Get programmatic access to the open data provided by the Czech Statistical Office (CZSO, https://csu.gov.cz).
Author(s)
Maintainer: Petr Bouchal pbouchal@gmail.com (ORCID)
Other contributors:
- Jindra Lacko [contributor] 
See Also
Useful links:
- Report bugs at https://github.com/petrbouchal/czso/issues 
Pipe operator
Description
See magrittr::%>% for details.
Usage
lhs %>% rhs
Filter the catalogue using a set of keywords
Description
Filter the catalogue using a set of keywords
Usage
czso_filter_catalogue(catalogue, search_terms)
Arguments
| catalogue | a catalogue as returned by  | 
| search_terms | #' A regex pattern (incl. plain text), or a vector of regex patterns, to filter the catalogue by. A case-insensitive filter is performed on the title, description and keywords. The search returns only catalogue entries where all the patterns are matched anywhere within the title, description or keywords. | 
Value
A tibble with the filtered catalogue.
See Also
Other Core workflow: 
czso_get_catalogue(),
czso_get_codelist(),
czso_get_table()
Examples
ctlg <- czso_get_catalogue()
czso_filter_catalogue(ctlg, search_terms = c("kraj", "me?zd"))

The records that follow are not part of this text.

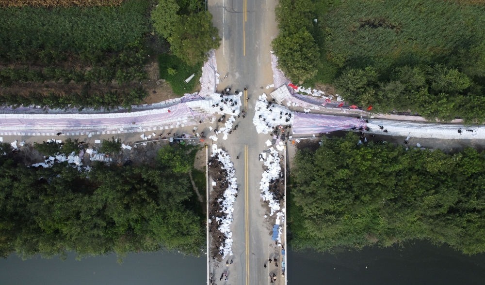 武警第一機(jī)動總隊某支隊官兵在大清河支渠橋處搶筑堤壩(8月10日攝,無人機(jī)照片)。新華每日電訊記者趙子碩攝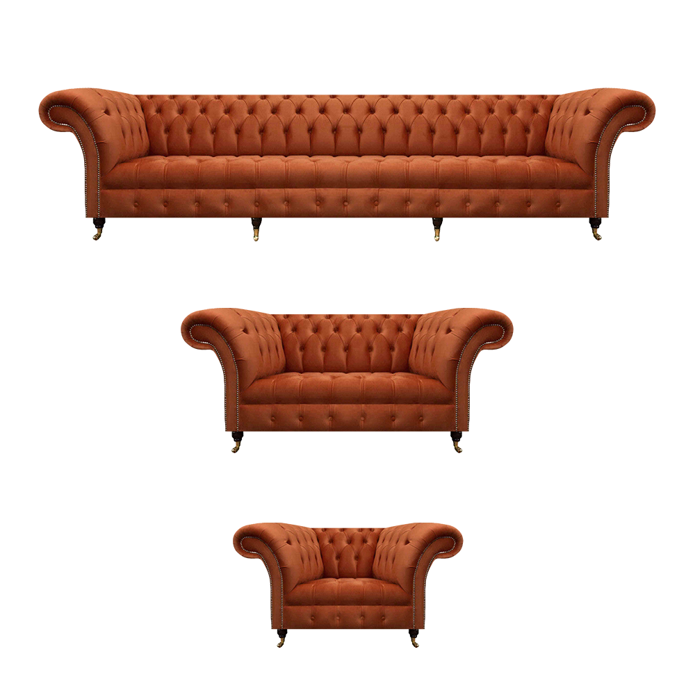Descrizione del prodotto: Marrone Chesterfield set di divani imbottiti di design completo 3 pezzi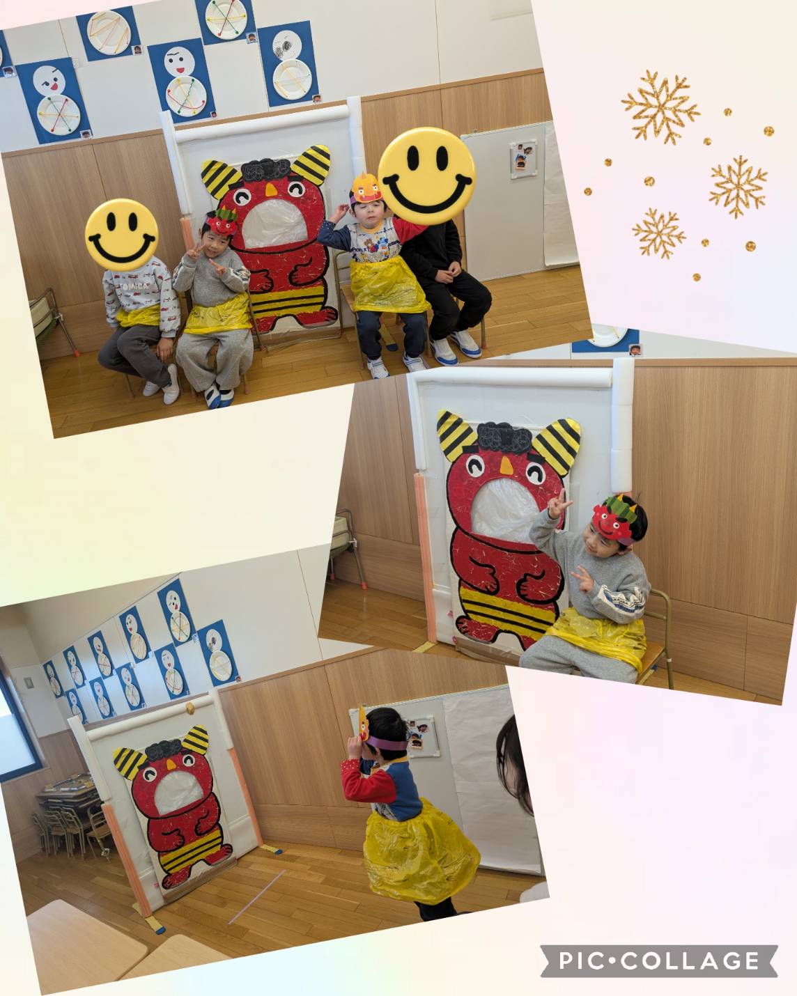 「おにのパンツ」の曲を聴いたり、可愛い鬼に変身したりして、豆まきを楽しみました。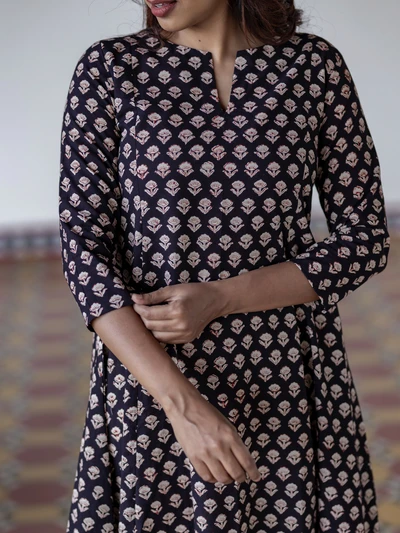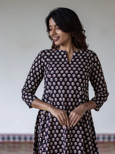 Black Floral Handblock Kali Kurta

czso_filter_catalogue(ctlg, search_terms = c("úmrt", "orp"))
czso_filter_catalogue(ctlg, search_terms = c("kraj", "vazba", "orp"))
czso_filter_catalogue(ctlg, search_terms = c("ISCO", "číselník"))
czso_filter_catalogue(ctlg, search_terms = c("zaměstnání", "číselník"))
Get catalogue of open CZSO datasets
Description
Retrieves a list of all CZSO's open datasets available from the Czech Open data catalogue.
Usage
czso_get_catalogue(search_terms = NULL)
Arguments
| search_terms | a regex pattern, or a vector of regex patterns, to filter the catalogue by. A case-insensitive filter is performed on the title, description and keywords. The search returns only catalogue entries where all the patterns are matched anywhere within the title, description or keywords. | 
Details
Pass the string in the dataset_id column to get_czso_table(). dataset_iri
is the unique identifier of the dataset in the national catalogue and also the URL
containing all metadata for the dataset.
Value
a data frame with details on all CZSO datasets available in the Czech National Open Data Catalogue. The columns are fairly well described by their names, except:
- some columns contain IRIs instead of human readable text; still you can deduce the content from the IRI. 
- the - spatialcolumns contains an IRI ending in the pattern- {unit_type}/- {unit_code}. The unit_type denotes what unit the data covers (scope/domain not granularity) and the second identifies the unit covered. The unit_type will usually be- "stat"for "state" and the unit_code will be 1. The unit_type can also be- "KR"for region or- "OB"for municipality, or- "OK"for district. In that case, the unit_code will be a code of that unit.
-  pagepoints to the documentation, i.e. methodology notes for the dataset.
See Also
Other Core workflow: 
czso_filter_catalogue(),
czso_get_codelist(),
czso_get_table()
Examples
czso_get_catalogue()
czso_get_catalogue(search_terms = c("kraj", "me?zd"))
Get CZSO codelist (registry / číselník)
Description
Downloads codelist (registry table) and returns it in a tibble.
Codelists are canonical lists of entities, their names and IDs. See Details.
Codelists are included in catalogue which can be retrieved using czso_get_catalogue().
Their IDs start with "cis" followed by a two- to three-digit number.
Usage
czso_get_codelist(
  codelist_id,
  language = c("cs", "en"),
  dest_dir = NULL,
  resource_num = NULL,
  force_redownload = FALSE
)
Arguments
| codelist_id | character or numeric of length 1 or 2; ID of codelist to download. See Details. | 
| language | language, either "cs" (the default) or "en", which is available for some codelists. | 
| dest_dir | character. Directory in which downloaded files will be stored.
If left unset, will use the  | 
| resource_num | integer, order of resource. Only override if you need a different format. | 
| force_redownload | whether to download even if a cached local file is available. | 
Details
Codelists
Codelists are canonical registries of entities: things, statistical areas and aggregates, concepts, categorisations. A codelist typically contains IDs and names of all the entities fitting into a certain category.
The most commonly used codelists are geographical, e.g. lists of regions or municipalities.
In the world of the CZSO, each codelist has a numeric ID of two to four digits.
You can pass this number to the function (even as a string), or you can pass the dataset ID found
in the catalogue; the latter will have the form of e.g. "cisNN".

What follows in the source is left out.